- [Aim of the exercise]
Your copy begins at the line with "ANDRE DELATTE NANCY" and runs through the end of the data below. Set down only those lines exactly, without pictures.

- [Provided material]
*** Block opens ***
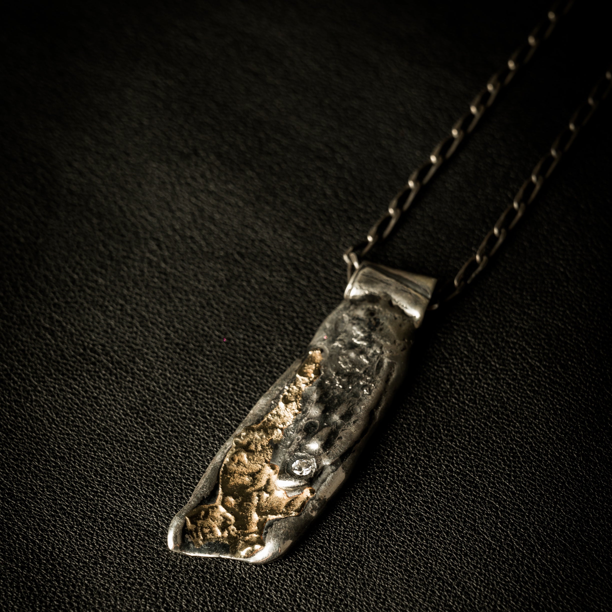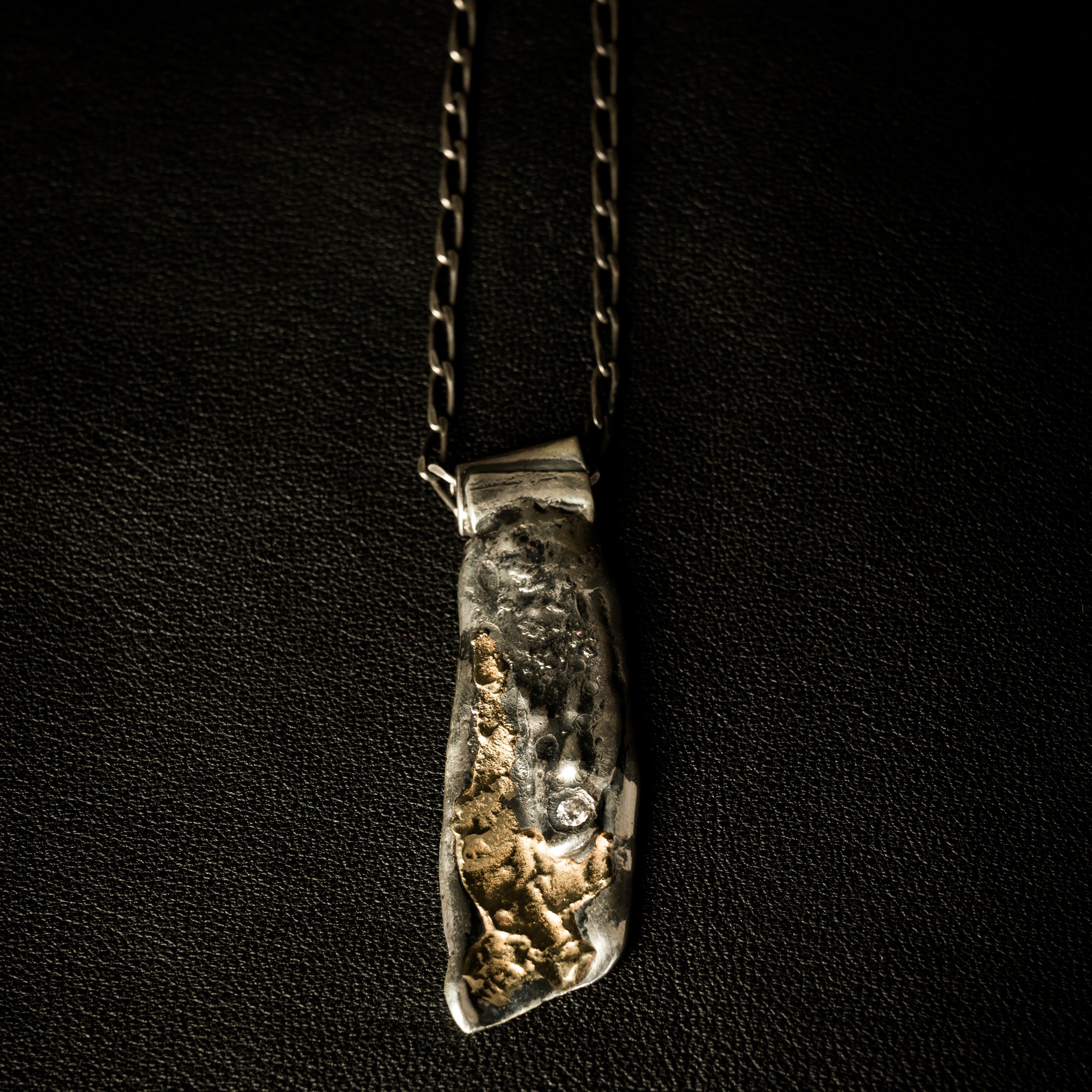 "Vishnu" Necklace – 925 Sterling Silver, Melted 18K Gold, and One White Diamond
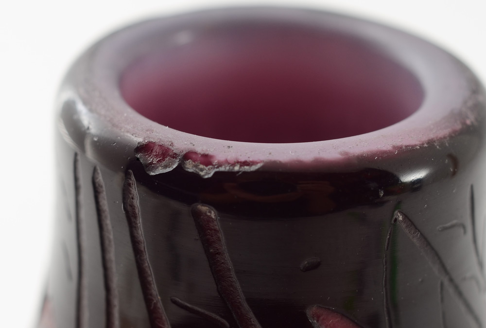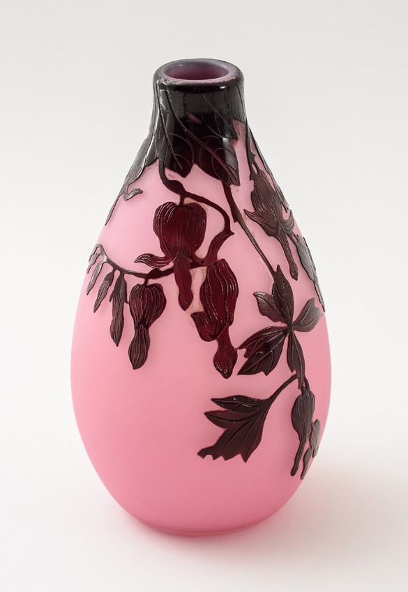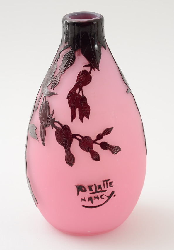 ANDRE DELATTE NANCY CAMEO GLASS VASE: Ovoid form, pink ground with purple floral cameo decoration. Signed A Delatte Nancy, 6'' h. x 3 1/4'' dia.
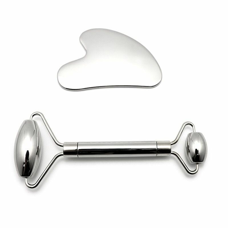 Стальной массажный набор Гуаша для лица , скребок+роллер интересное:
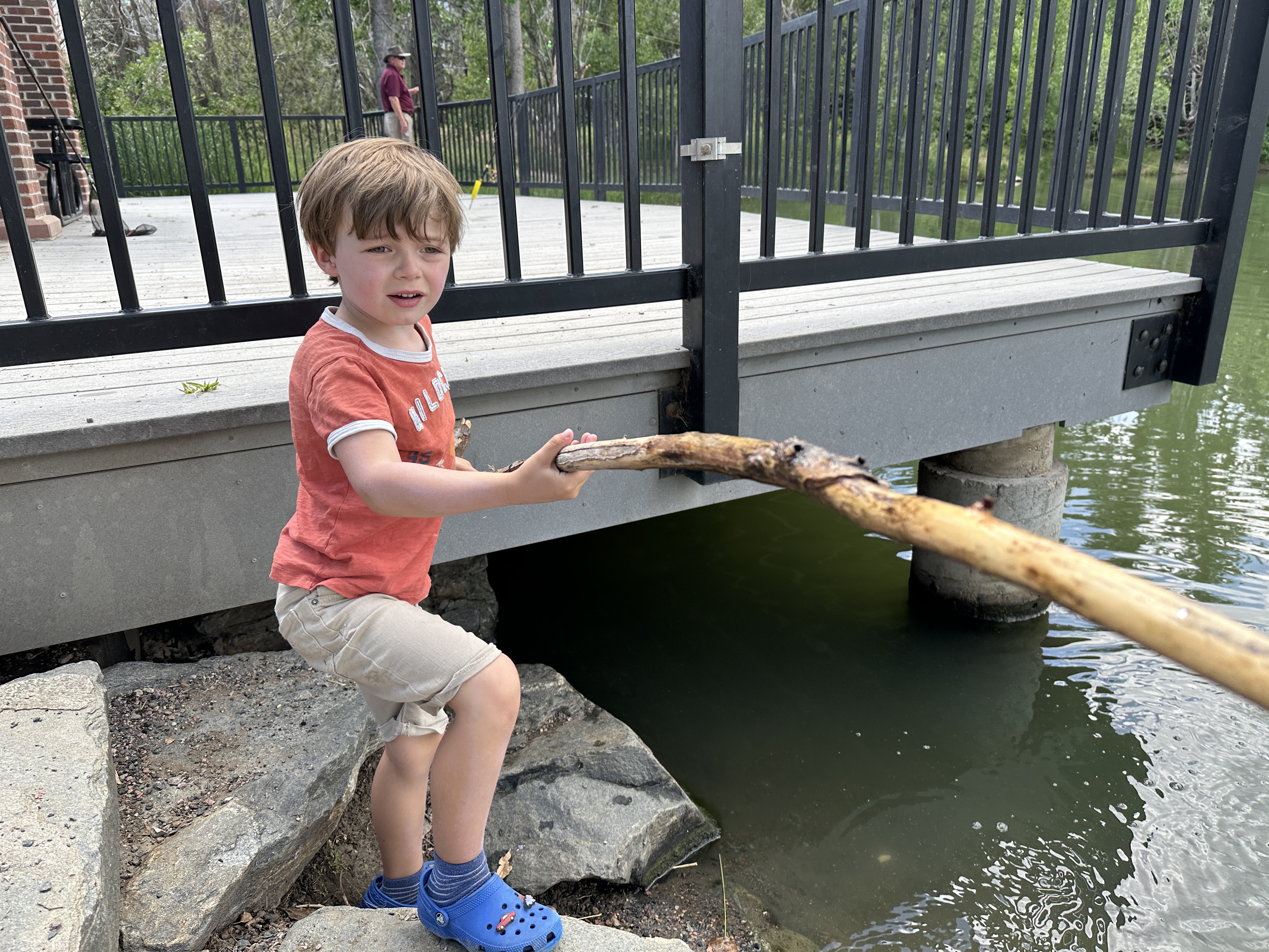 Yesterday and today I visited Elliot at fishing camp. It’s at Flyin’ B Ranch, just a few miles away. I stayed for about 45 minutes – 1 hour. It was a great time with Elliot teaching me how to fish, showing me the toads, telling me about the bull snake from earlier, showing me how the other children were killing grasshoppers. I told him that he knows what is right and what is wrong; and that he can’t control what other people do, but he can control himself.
*** Block closes ***
- [The completed task]
 ANDRE DELATTE NANCY CAMEO GLASS VASE: Ovoid form, pink ground with purple floral cameo decoration. Signed A Delatte Nancy, 6'' h. x 3 1/4'' dia.
 Стальной массажный набор Гуаша для лица , скребок+роллер интересное:
 Yesterday and today I visited Elliot at fishing camp. It’s at Flyin’ B Ranch, just a few miles away. I stayed for about 45 minutes – 1 hour. It was a great time with Elliot teaching me how to fish, showing me the toads, telling me about the bull snake from earlier, showing me how the other children were killing grasshoppers. I told him that he knows what is right and what is wrong; and that he can’t control what other people do, but he can control himself.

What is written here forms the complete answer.